Content

In the United States, over 10-million people suffer from osteoporosis, while another 40-million persons are diagnosed with osteopenia, a precursor condition to osteoporosis characterized by significantly reduced bone-mineral density. About 2-million people suffer osteoporotic fractures each year, and nearly 20 percent of these patients die within a year because of additional fractures and complications. Now Associate Professor Jungwoo Lee of the UMass Amherst Chemical Engineering (ChE) Department reports a pioneering, in-vitro, humanized-bone-model assay that promises several critical improvements over time-consuming animal models and clinical studies pertaining to osteoporosis.

Lee, Yongkuk Park (post-doctoral research associate in the ChE department at UMass-Amherst), and Tadatoshi Sato (assistant professor at the UMass Chan Medical School) have published their findings in a recent issue of the prestigious journal, Nature Communications

The backstory of Lee’s research concerns cells known as “osteoblasts” and “osteoclasts.” As the website of the Cleveland Clinic explains: “Bone is a dynamic tissue that undergoes repeated turnover by osteoblasts and osteoclasts. Osteoblasts form new bones and add growth to existing bone tissue. Osteoclasts dissolve old and damaged bone tissue so it can be replaced with new, healthier cells created by osteoblasts.” 

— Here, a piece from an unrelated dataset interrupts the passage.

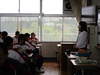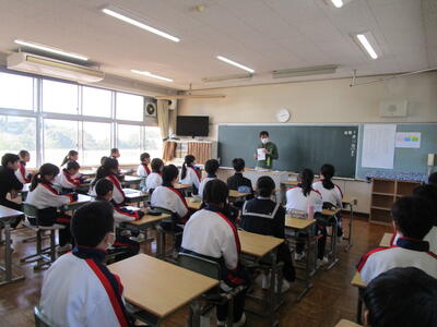 給食の時間を利用して、スクールカウンセラーの先生が1年生の各教室で、自己紹介をしましたお知らせ

According to Lee, “Under normal conditions, there is a delicate equilibrium between osteoblast and osteoclast activities. However, in the context of aging or metabolic bone diseases, this balance is disrupted, resulting in an elevated osteoclast activity compared to osteoblasts. This imbalance leads to a net loss of bone mass and reduced mechanical strength. Consequently, osteoclasts become a primary target for the development of drugs to treat osteoporosis.” 

Park, the lead author of this study, says, “Standard care focuses on the pharmacological prevention of bone loss using antiresorptive and anabolic drugs. However, these drugs are limited for long-term use due to the increased risk of adverse effects. Discontinuing treatment often leads to rapid and substantial bone loss that is difficult to regain.” 

As Park explains, “Moreover, recent studies have revealed that osteoblasts play a pivotal role in regulating the development of osteoclasts, and osteoclasts have a longer lifespan than previously thought. To address this challenge, we have focused on developing in-vitro assays that can accurately reproduce osteoclast function and processes in a quantitative and analytical manner.”

Lee’s team has created functional and analytical in-vitro osteogenic assay platforms in a standard multi-well plate that can faithfully replicate in-vivo-relevant, bone-remodeling processes. These innovative assays offer several key advantages over existing assay platforms, including the preservation of the intrinsic bony collagen structure and semi-transparency for fluorescent imaging. 

Lee says that this breakthrough is based on the novel use of demineralized bone paper – a thin slice of demineralized compact bone matrix that has demonstrated its biological significance in recapitulating the complexity of bone extracellular matrix and cellular processes, as featured in a previous UMass Amherst news article and Science Advances 2021.

As the team explains, “Using our model, researchers can investigate the effects of osteoporosis drugs on osteoclast differentiation, fusion, fission, and apoptosis, as well as their impact on osteoblasts and bone-remodeling cycles. These humanized bone metabolic assays could also provide critical insights into how osteoporosis drugs affect bone remodeling and help identify potential therapeutic targets to prevent bone loss caused by discontinued drug treatments.” 

The team also anticipates that these new bone metabolic assays will expediate the testing timeline for osteoporosis drugs. Conventional drug testing typically takes 6-to-14 weeks in preclinical animal studies and 12-to-24 months in clinical trials. The new in-vitro technique will take much less time. 

Lee adds that traditional preclinical testing also suffers from suboptimal predictive power that can often lead to failures due to unexpected toxicity and lack of efficacy during clinical phases. In-vitro, humanized bone models, capable of accurately forecasting in-vivo drug responses, could offer a new testing dimension between animal models and clinical studies. 

As Lee concludes, “By offering a more accurate representation of bone extracellular matrix and multicellular processes in a scalable and analytical manner, this platform could contribute to osteoclast-targeting drug development and elucidating the mechanism of bone-metabolic regulation. In-vitro bone metabolic assays could become a standard for studying bone-cell biology and osteogenic assays.” (January 2024)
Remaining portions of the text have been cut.